Re: BUG #16585: Wrong filtering on a COALESCE field after using GROUPING SETS

From: Tom Lane <tgl(at)sss(dot)pgh(dot)pa(dot)us>
To: Andrew Gierth <andrew(at)tao11(dot)riddles(dot)org(dot)uk>
Cc: David Rowley <dgrowleyml(at)gmail(dot)com>, pavelsivash(at)gmail(dot)com, PostgreSQL mailing lists <pgsql-bugs(at)lists(dot)postgresql(dot)org>
Subject: Re: BUG #16585: Wrong filtering on a COALESCE field after using GROUPING SETS
Date: 2020-08-20 21:25:27
Message-ID: 1750212.1597958727@sss.pgh.pa.us
Views: Raw Message | Whole Thread | Download mbox | Resend email
Thread:
Lists: pgsql-bugs

Andrew Gierth <andrew(at)tao11(dot)riddles(dot)org(dot)uk> writes:
> The problem here is that something is assuming that the country_id is
> still constant 1 despite its participation in grouping sets rendering it
> sometimes null.

Yeah. Your version of the query is initially simplified, by one level
of subquery pullup, into

select coalesce(country_id, city_id) AS location_id,
total
from (select 1 as country_id,
city_id,
sum(cnt) as total
from (values (2,5),(2,1),(3,2),(3,7)) as table1(city_id,cnt)
group by grouping sets (1,2)) base
where coalesce(country_id, city_id) = 1;

We can't pull up the remaining subquery because it has GROUP BY.
But what we will try to do instead is to push down the outer
WHERE clause into the subquery (cf. set_subquery_pathlist and
subroutines). That code sees no reason not to do so, so
it converts this into

select coalesce(country_id, city_id) AS location_id,
total
from (select 1 as country_id,
city_id,
sum(cnt) as total
from (values (2,5),(2,1),(3,2),(3,7)) as table1(city_id,cnt)
group by grouping sets (1,2)
having coalesce(1, city_id) = 1
) base;

and then const-folding proves the HAVING to be constant-true.

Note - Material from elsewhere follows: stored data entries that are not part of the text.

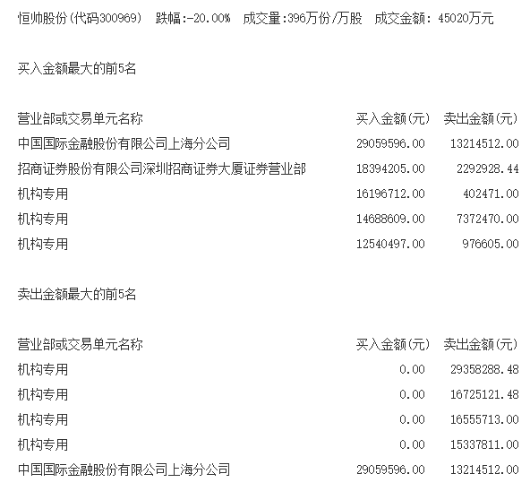 1月19日,恒帅股份今日放量跌停,截至收盘,报105.69元,成交额4.50亿元,换手率19.78%。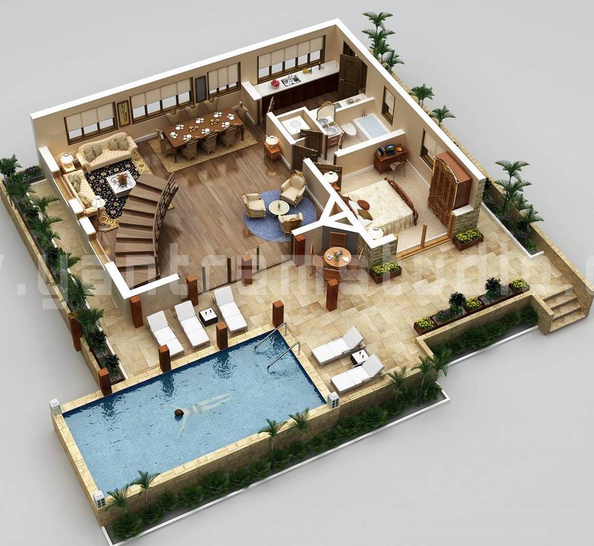 Fabulous Collection Of 3d House Plans With Pool Decor Inspirator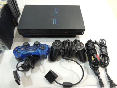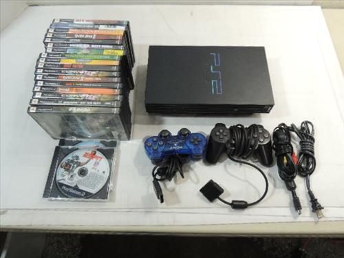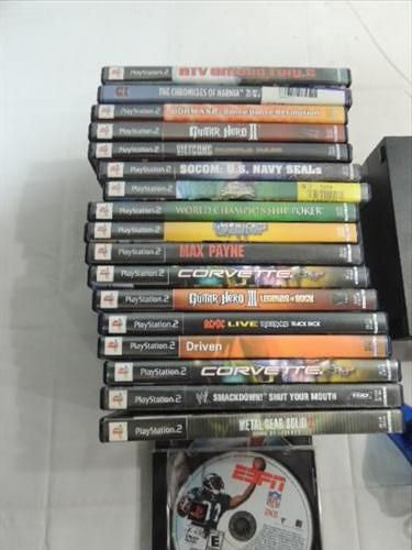 2003 PLAYSTATION 2 CONSOLE, 2 CONTROLLERS, VIDEO CONNECTOR AND 19 GAMES: MAX PAYNE, DRIVEN, GUITAR HERO, CORVETTE AND MUCH MORE. AS SHOWN. VIEW PICTURE FOR DETAIL.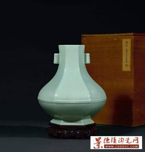 器型獨特,腹部矮扁,是雍正一朝獨有的造型。通體施粉青釉,釉質(zhì)肥腴純凈,僅腹部凸起兩道弦紋,盡顯雍正一朝含蓄而高雅的藝術(shù)品位。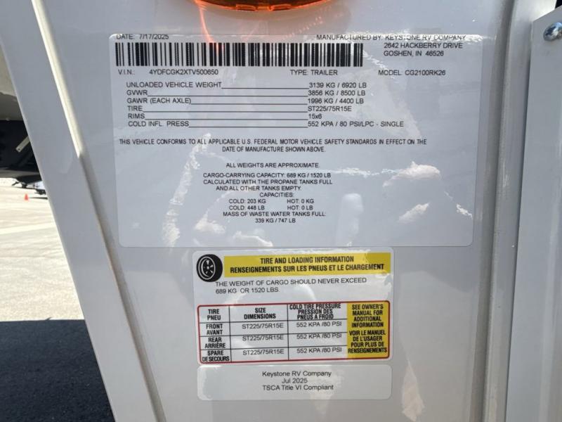 New 2026 Keystone RV Cougar 2100RK Fifth Wheel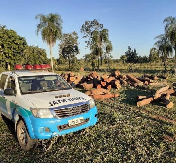 Os policiais apreenderam 21 m³ de madeira em toras das espécies angico, faveiro, pau-terra e roxinho, que estavam armazenados na propriedade, sem o Documento de Origem Florestal (DOF), que é o documento do órgão ambiental para se ter em depósito, beneficiar ou transportar qualquer produto florestal.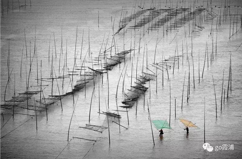 每当北岐紫菜生产的繁忙季节,滩涂上万根竹竿插成一块块方形的网框,由远及近,绵延数十里,蔚为大观。北岐的日出,是色友们趋之若鹜的景点之一,当太阳越出海面的那一刻,快门声响成一片,紫菜在丝网上挂着一条条色带,红的,黑的,紫的,宛如一幅没有经过修饰的水墨画,被收入一个个镜头,被记录在一张张彩色胶片上。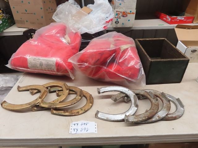 2 Vintage Life Jackets & 2 Sets of Horse Shoes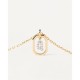 Small initial letter necklace in zirconia inside gold-plated silver octagonal pendant
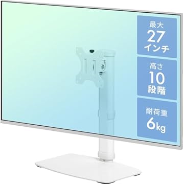 クランプもネジも不要な置き型スタンド式モニターアームです。ガラス天板や中が空洞の天板など、クランプを使えないデスクへの設置に最適な選択肢です。工具なしで手軽に高さ変更ができ、2cmずつ10段階での調節が可能。上に60°・下に20°のチルト調整と、左右30°のスイング、360°のピボット回転にも対応しています。27インチ・6kgまでのモニターに対応しており、まずコストをかけずにモニターアームを試したい方への入門機としておすすめです。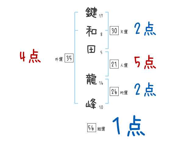 外運![]() | 鍵和田龍峰さんの外運は35画の4つ星!温厚な性格で感受性が高い。穏和な性格で人望が厚い。 生活面を象徴する運勢です。外部から受ける影響力を表し、結婚運、家庭運や職場、環境への順応性を表します。 |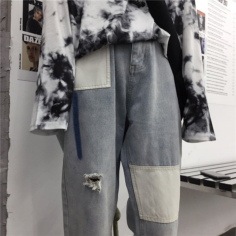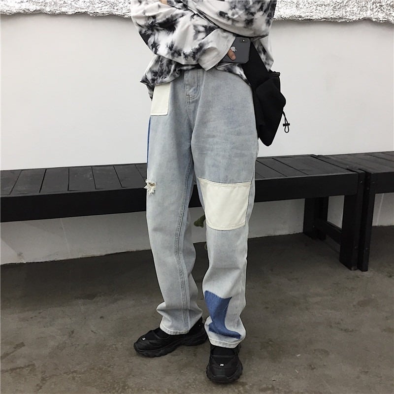 【韓国通販 dgo】パッチホール ストレートデニムジーンズ(M3130)トレンドアイテム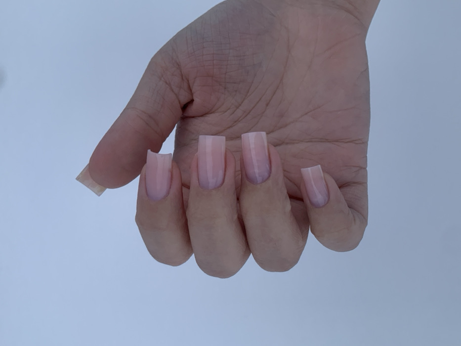 A close-up photograph depicts a human left hand against a uniform, plain light blue-grey background. The hand is positioned with fingers slightly curved and spread, displaying the palm's natural creases and knuckle wrinkles. Five fingernails are visible, from thumb to pinky. All nails are long, appear to be artificial enhancements (likely acrylic or gel), and are shaped in a square or coffin style. They feature a translucent pale pink or nude color, with a subtle ombré transition where the tips are clearer or lighter. A minor chip or irregularity is visible on the outer corner of the thumb nail's tip. The background lacks any discernible features, landmarks, or environmental context that would identify a specific geographic location such as the city of Фоки, Russia. No actions or interactions beyond the hand's pose are depicted.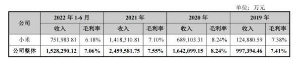 首先从平均毛利率来看,龙旗科技对小米方的毛利率只有 7.22%左右,不仅低于龙旗科技整体的 7.57%,更低于行业的 14%。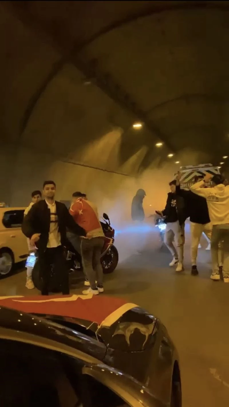 Şişli Dolmabahçe Tüneli’nde asker uğurlamak için konvoy yapan şahıslar, tüneli kapatıp yolu trafiğe kestiler. Tünelde dans eden geçler motosikletle patinaj çekip tüneli dumana boğdu. O anlar cep telefonu kamerasına yansıdı.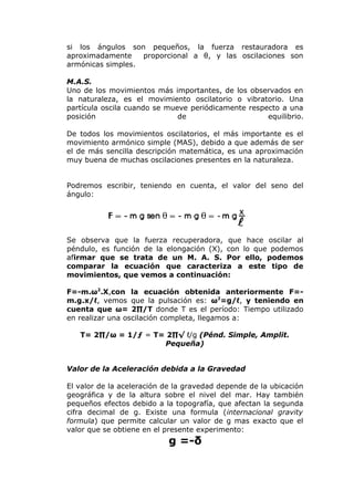 Este documento describe el movimiento de un péndulo simple y los objetivos de estudiar experimentalmente la relación entre el periodo de oscilación de un péndulo y factores como la longitud, la masa y la amplitud. También busca determinar el valor de la aceleración de la gravedad en Bucaramanga mediante experimentos con péndulos de diferentes masas y longitudes.
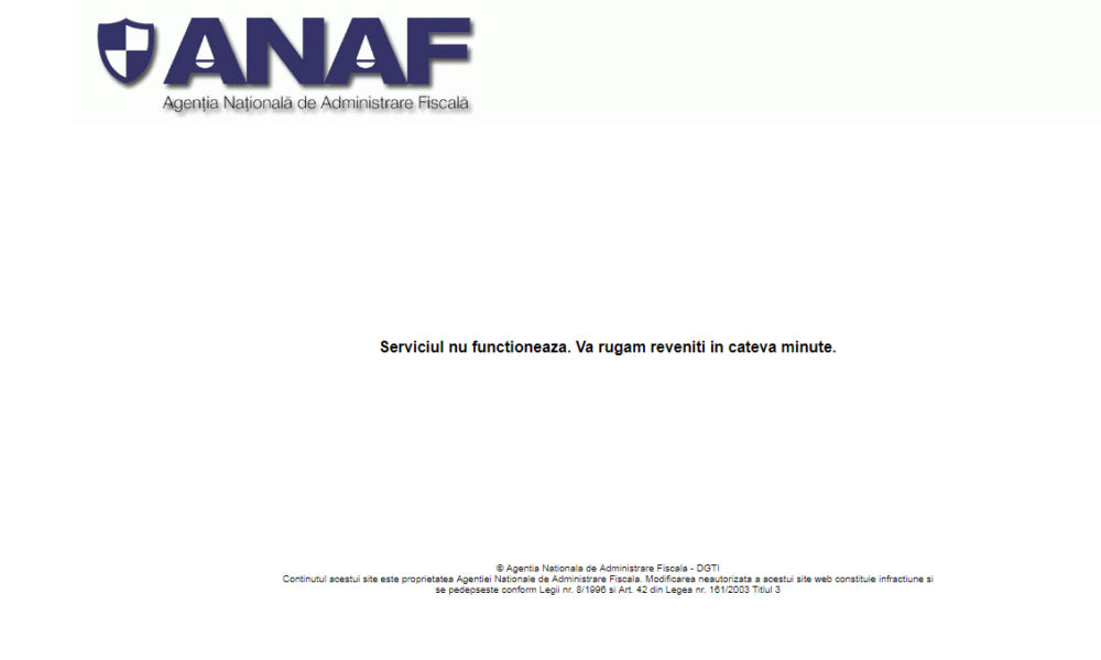 Site-ul Agenției Naționale de Administrare Fiscală (ANAF) a picat în cursul zilei de luni, 22 ianuarie, dând peste cap intențiile celor care și-au pus speranța să evite cozile de la ghișee pentru a depune formularul 600 prin intermediul Spaţiului Privat Virtual. Până pe 31 ianuarie, Fiscul se așteaptă ca în jur de 210.000 de contribuabili persoane fizice să completeze și să depună respectivul document ce reprezintă „Declarația privind venitul asupra căruia se datorează contribuția de asigurări sociale și cu privire la încadrarea veniturilor realizate în plafonul minim pentru stabilirea contribuției de asigurări sociale de sănătate”. Ca să evite înghesuiala de la sediile ANAF, reprezentanții Fiscului au făcut posibil ca începând din data de 15 ianuarie 2018, formularul 600 să poată fi transmis și în format electronic „La nivelul ANAF (Agenția Națională de Administrare Fiscală – n. red.) au fost dispuse toate măsurile organizatorice necesare în vederea asigurării realizării procesului de depunere și prelucrare facilă și rapidă a formularului 600. În acest sens, contribuabilii au la dispoziție și posibilitatea transmiterii acestui formular fără a se deplasa la sediile ANAF, prin poștă, cu confirmare de primire, urmând ca, începând din data de 15 ianuarie 2018, formularul 600 să poată fi transmis și în format electronic, de pe portalul www.anaf.ro”, a informat Agenția Națională de Administrare Fiscală.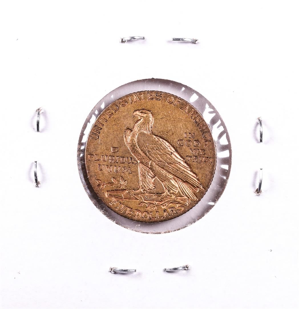One 1911-S $5 Indian Head Half Eagle Gold Coin.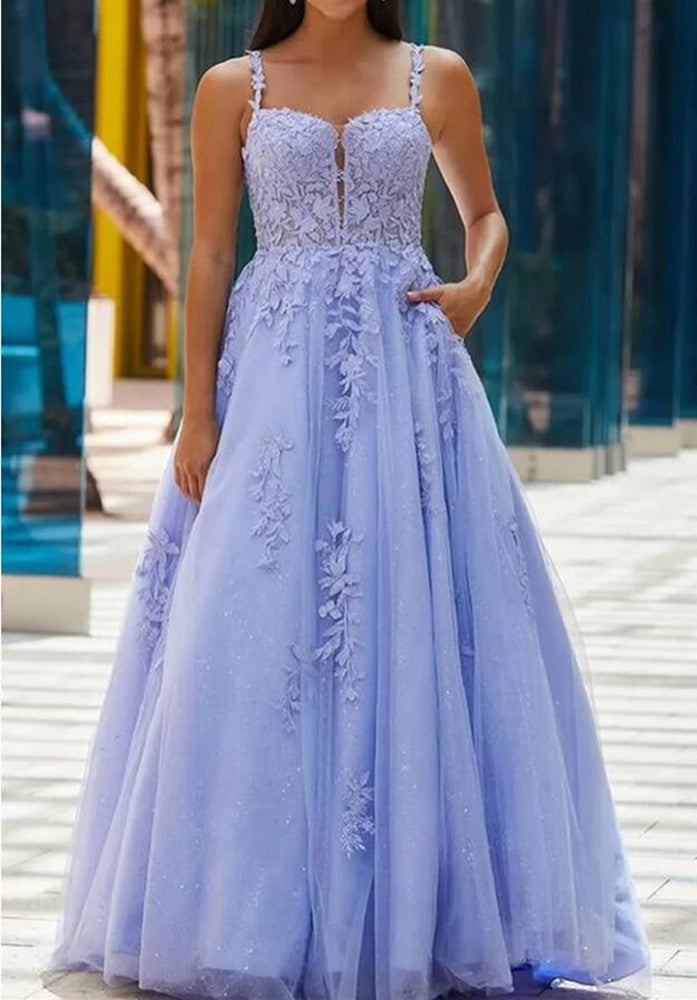 Women Tulle Appliques Prom Dresses Long Open Back Evening Gowns Formal Party Dress YPD369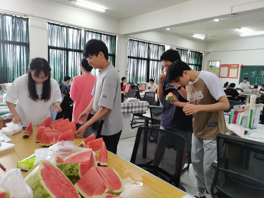在鄠邑校区,廖书记一行看望慰问了备考研究生考试的百十余名2020级本科学生,并为同学们送去西瓜解暑。廖书记先是叮嘱大家,留校期间提高安全意识,遵守校规校纪,在学习生活中遇到困难及时与辅导员联系。然后,充分肯定了考研学生的学习精神和决心,表扬了他们不畏酷暑、坚持学习的坚毅品质,最后,表达了学院对同学们的美好祝愿,预祝各位考研顺利,旗开得胜,马到成功。折延宏副院长和两位辅导员还深入学生询问了大家在校遇到的学习和生活中的困难,希望同学们劳逸结合,增强安全意识,注意寝室、饮食、交通等安全。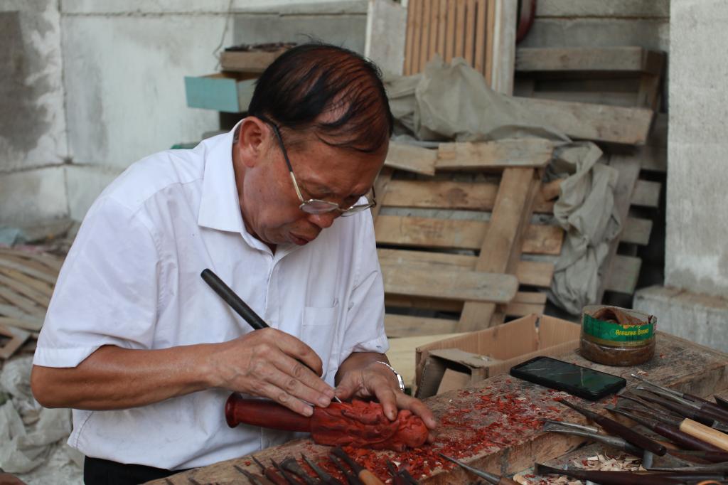 在庞灵芝老师的带领下,实践队来到美利特工艺品厂,开启探访木雕的旅程。本次拜访的木雕手艺人是谢小兴先生,队员们采访得知,谢先生已在木雕行业工作56年,至今仍以手工作为木雕制作的主要方式。交谈中,谢先生向队员们展示了木雕的详细流程。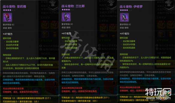 全新战斗宠物相对于老版本宠物除了自带4个能力外加宠物技能外,在宠物技能栏上统一多出一条技能:玩家战斗力提升150点。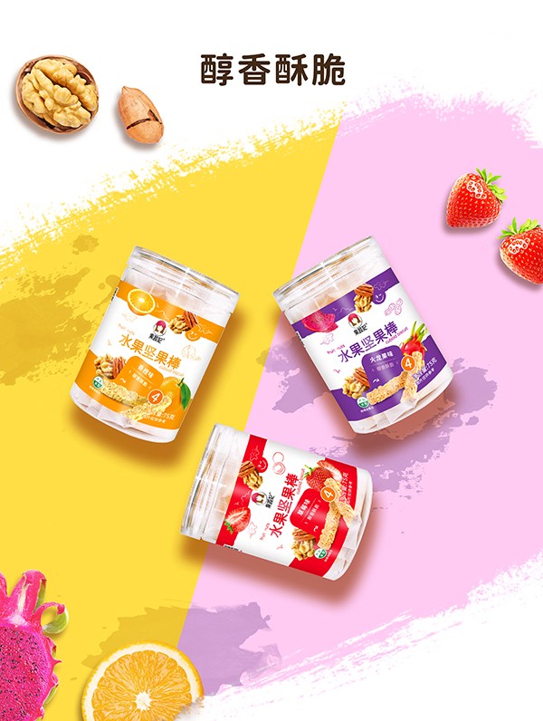 果蔬妃【水果堅(jiān)果棒】充分結(jié)合水果與堅(jiān)果的營(yíng)養(yǎng)成分,融入花生、碧根果、芝麻、核桃的豐富口味,醇香酥脆,適合孕媽寶媽和3歲以上寶寶食用,有火龍果、草莓和香橙3種口味。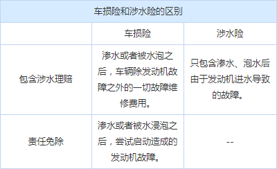 车损险和涉水险的区别:

> Most likely, that constant column needs to either be treated as not
> constant, or something should be replacing it with a PHV - I'd have to
> dig into the code a bit to see what's actually going wrong.

PHVs don't save us here because those are only added when pulling up
a subquery, which is not what's happening.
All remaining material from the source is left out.